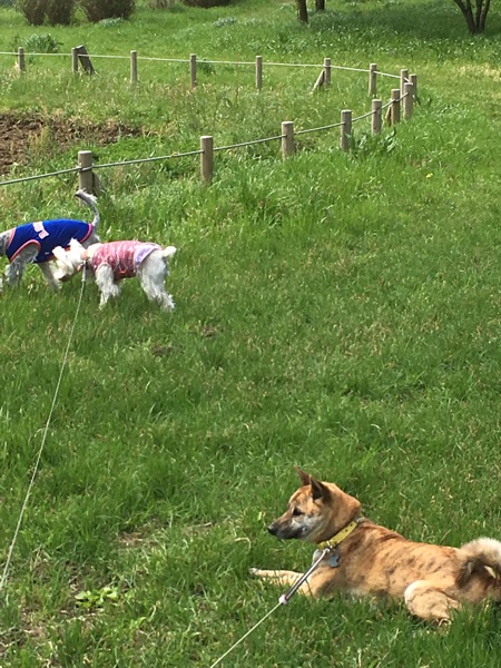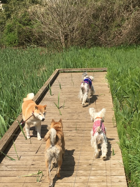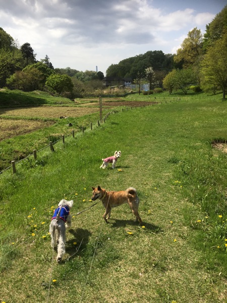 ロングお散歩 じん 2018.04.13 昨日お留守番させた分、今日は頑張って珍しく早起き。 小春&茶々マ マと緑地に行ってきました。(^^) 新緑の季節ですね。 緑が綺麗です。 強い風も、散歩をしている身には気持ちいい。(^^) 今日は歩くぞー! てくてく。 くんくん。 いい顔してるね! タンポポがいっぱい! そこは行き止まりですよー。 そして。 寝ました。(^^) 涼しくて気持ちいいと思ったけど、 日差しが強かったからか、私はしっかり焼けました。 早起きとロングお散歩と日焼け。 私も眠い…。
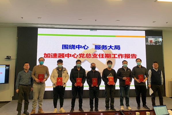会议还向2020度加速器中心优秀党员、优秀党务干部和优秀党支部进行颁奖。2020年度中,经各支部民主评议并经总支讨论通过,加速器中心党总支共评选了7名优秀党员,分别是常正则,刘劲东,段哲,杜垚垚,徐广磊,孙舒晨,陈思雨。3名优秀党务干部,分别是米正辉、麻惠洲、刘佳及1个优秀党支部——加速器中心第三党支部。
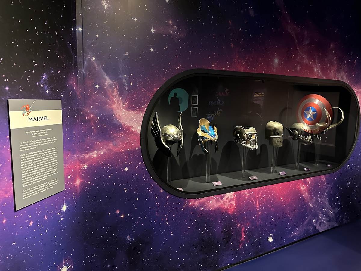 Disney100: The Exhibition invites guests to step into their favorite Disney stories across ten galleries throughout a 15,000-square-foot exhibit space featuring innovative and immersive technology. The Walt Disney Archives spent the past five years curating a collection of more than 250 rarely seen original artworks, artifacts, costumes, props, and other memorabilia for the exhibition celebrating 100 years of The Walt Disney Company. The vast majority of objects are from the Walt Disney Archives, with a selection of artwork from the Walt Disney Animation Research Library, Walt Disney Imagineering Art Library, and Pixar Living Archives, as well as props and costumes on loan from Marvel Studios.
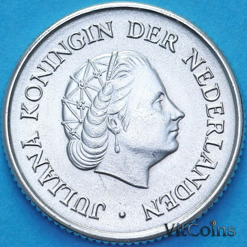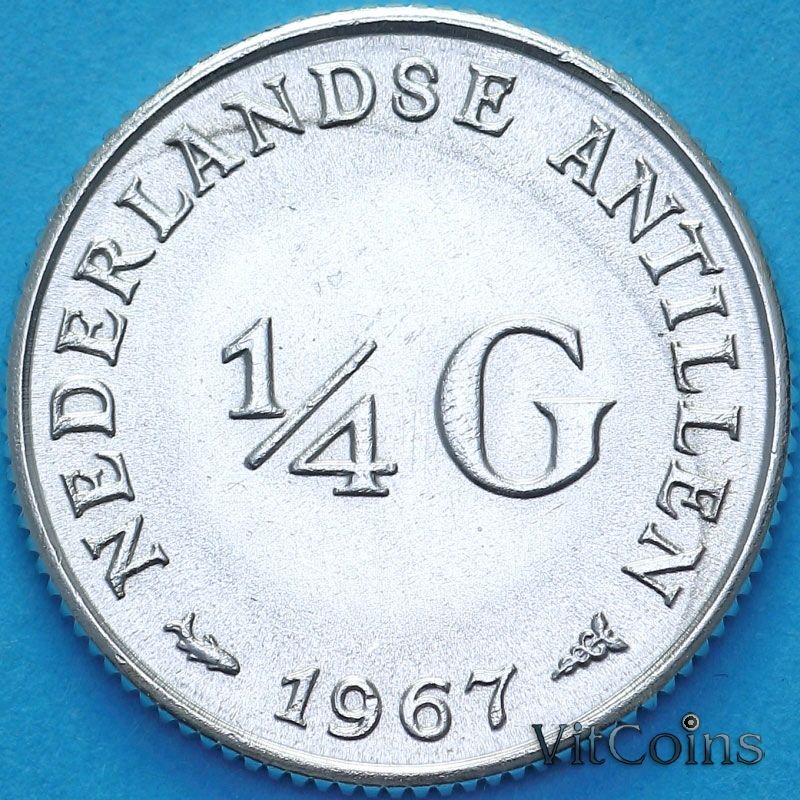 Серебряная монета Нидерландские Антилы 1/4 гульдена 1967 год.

--

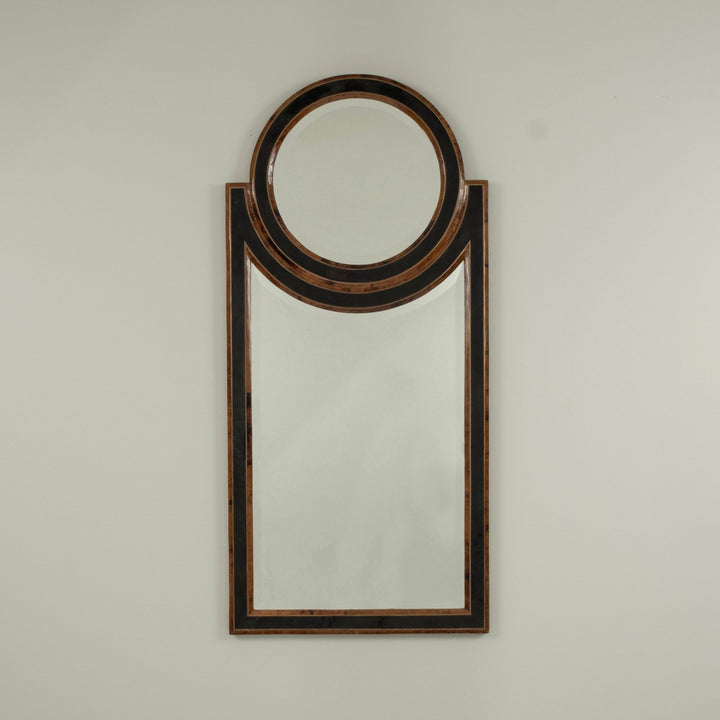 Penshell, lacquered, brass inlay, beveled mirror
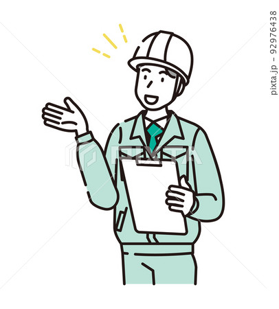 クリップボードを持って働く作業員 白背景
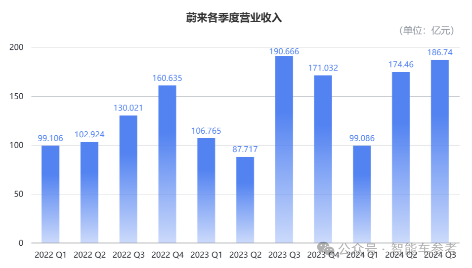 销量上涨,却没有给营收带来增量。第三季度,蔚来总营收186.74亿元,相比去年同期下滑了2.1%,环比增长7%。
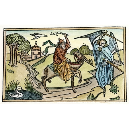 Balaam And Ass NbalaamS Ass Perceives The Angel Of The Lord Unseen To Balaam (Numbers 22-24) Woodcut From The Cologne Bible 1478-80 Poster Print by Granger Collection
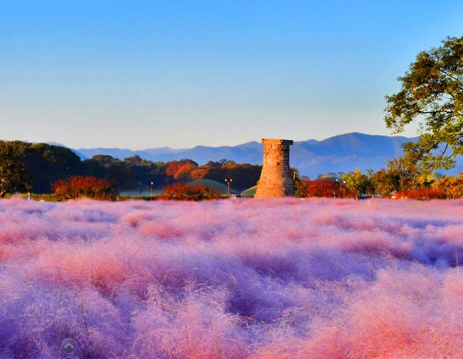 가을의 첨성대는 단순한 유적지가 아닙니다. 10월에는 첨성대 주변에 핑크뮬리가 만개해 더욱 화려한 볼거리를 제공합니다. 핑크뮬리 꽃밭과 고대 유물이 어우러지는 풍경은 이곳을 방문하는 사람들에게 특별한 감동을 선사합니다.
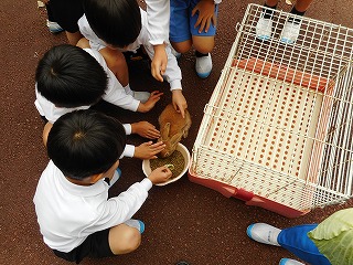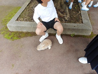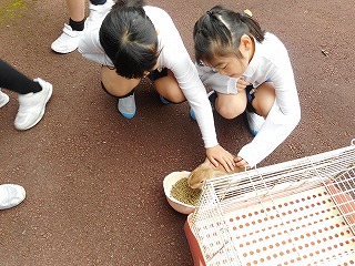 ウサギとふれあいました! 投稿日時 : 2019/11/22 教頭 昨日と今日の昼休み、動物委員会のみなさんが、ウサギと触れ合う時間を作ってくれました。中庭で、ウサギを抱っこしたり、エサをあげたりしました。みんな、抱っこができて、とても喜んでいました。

---

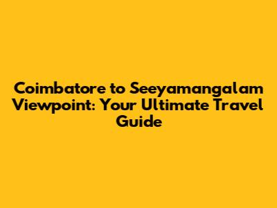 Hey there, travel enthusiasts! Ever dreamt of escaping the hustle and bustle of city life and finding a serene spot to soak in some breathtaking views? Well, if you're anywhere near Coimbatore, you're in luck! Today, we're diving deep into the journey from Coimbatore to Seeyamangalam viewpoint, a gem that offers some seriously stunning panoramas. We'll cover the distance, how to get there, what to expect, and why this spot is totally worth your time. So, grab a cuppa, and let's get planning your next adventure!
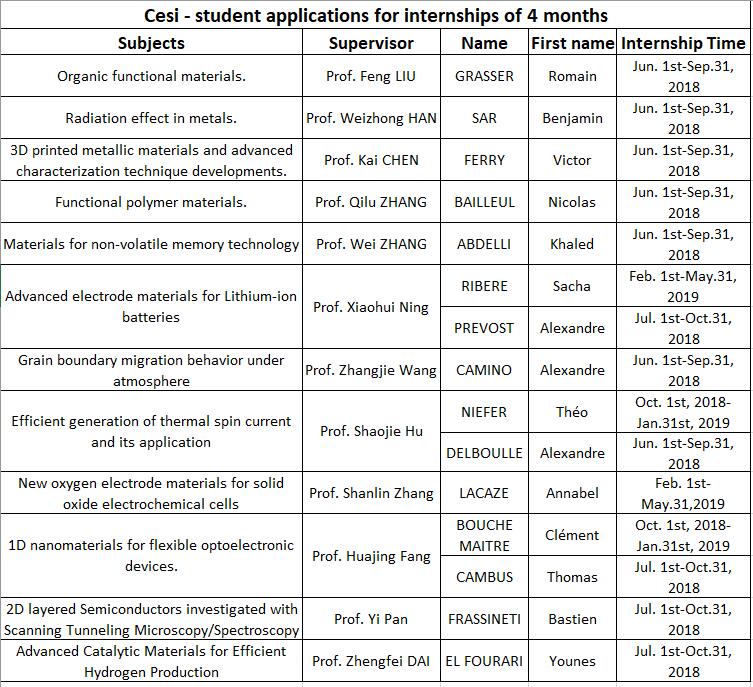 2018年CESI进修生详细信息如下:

■ Aim of the exercise:
Among the entries above, take the line with "ロングお散歩 じん 2018.04.13", the line with "会议还向2020度加速器中心", and all the lines between them, and restate them word for word without pictures.

■ Answer:
 ロングお散歩 じん 2018.04.13 昨日お留守番させた分、今日は頑張って珍しく早起き。 小春&茶々マ マと緑地に行ってきました。(^^) 新緑の季節ですね。 緑が綺麗です。 強い風も、散歩をしている身には気持ちいい。(^^) 今日は歩くぞー! てくてく。 くんくん。 いい顔してるね! タンポポがいっぱい! そこは行き止まりですよー。 そして。 寝ました。(^^) 涼しくて気持ちいいと思ったけど、 日差しが強かったからか、私はしっかり焼けました。 早起きとロングお散歩と日焼け。 私も眠い…。
会议还向2020度加速器中心优秀党员、优秀党务干部和优秀党支部进行颁奖。2020年度中,经各支部民主评议并经总支讨论通过,加速器中心党总支共评选了7名优秀党员,分别是常正则,刘劲东,段哲,杜垚垚,徐广磊,孙舒晨,陈思雨。3名优秀党务干部,分别是米正辉、麻惠洲、刘佳及1个优秀党支部——加速器中心第三党支部。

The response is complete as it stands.